Не успел почтмейстер и расположиться-то как следует, только поерзал в кресле, как вошел писарь и осторожно рассмеялся.
— Там мужик один вас дожидается. — Писарь на мгновение замялся. — Пакет принес. В Петербург отправить хочет. Да не куда-нибудь, а самодержцу нашему.
— Гони, ишь чего надумал. У меня и в мыслях не шевельнется, не токмо что рука. — Почтмейстер посмотрел на свои полные ладони и словно для убедительности положил их на стол.
— Да уж и уговаривал его, и гнал, а он все грозится.
— Иди-иди, — отправил подчиненного почтмейстер, стараясь вместе с ним расстаться и с неприятной новостью. Экий пустяк, а вся возвышенность и благодушие Бурмакина сошли, он впал в растерянность и все поглядывал с тревогой на дверь. И она распахнулась.
— Здравствуйте! — С каким-либо иным делом Тимофей бы и заробел, но сейчас был настроен решительно, подошел вплотную к столу. — Рассудите нас, господин почтмейстер. Писарь ваш не берет у меня пакет, а где он такое право взял? Царь-батюшка, помазанник божий, всегда простой народ слушает и правду ищет. А он, значит, на пути его встает?
— Ты кто таков?
— Бондарев я, Тимофей Михайлович. Крестьянским трудом живу.
— Ишь ты! Бондарев, значит. Так ты свой пакетик-то оставь у меня.
— Оформить же надо, записать. Дойдет ли оно так?

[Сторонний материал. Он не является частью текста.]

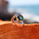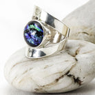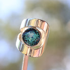 Indulge in the bold elegance of the Wrap Ring, a standout piece renowned for its distinctive design and effortless versatility. At its centre, a mesmerizing dichroic glass gem reflects the breathtaking natural landscapes of Esperance, Western Australia.

— Дойдет, в самый раз дойдет. — Бурмакину хотелось улыбнуться, подавить в себе раздражение.
— Нет, — Тимофей недоверчиво отступил назад, — я так не отдам.
— Вон отсюда! Смутьян! — Бурмакин чуть не дрожал от гнева. — Становому в кутузку сдам!
— Да что ж это за бесправие? — Тимофей прижал к груди пакет и прежде, чем уйти, посмотрел в глаза Бурмакина цепко и внимательно, будто хотел доискаться в них до чего-то. — Вот теперь я точно знаю, за что вам платят деньги. За это и платят…
Бурмакин вскочил, его лицо искривилось, но Тимофей уже не слышал ни угроз, ни ругательств, он торопился в музей.
Узнав о происшествии, Мартьянов рассмеялся.
— Почтмейстера-то мы убедим. Он просто струсил. До Петербурга ваше сочинение дойдет, а вот дальше — не ручаюсь. Там крысы поважнее сидят.
— Черновые листы я у себя оставил. Этим путем не получится, другим буду пробовать. Истину я познал, а для нее нет удержу…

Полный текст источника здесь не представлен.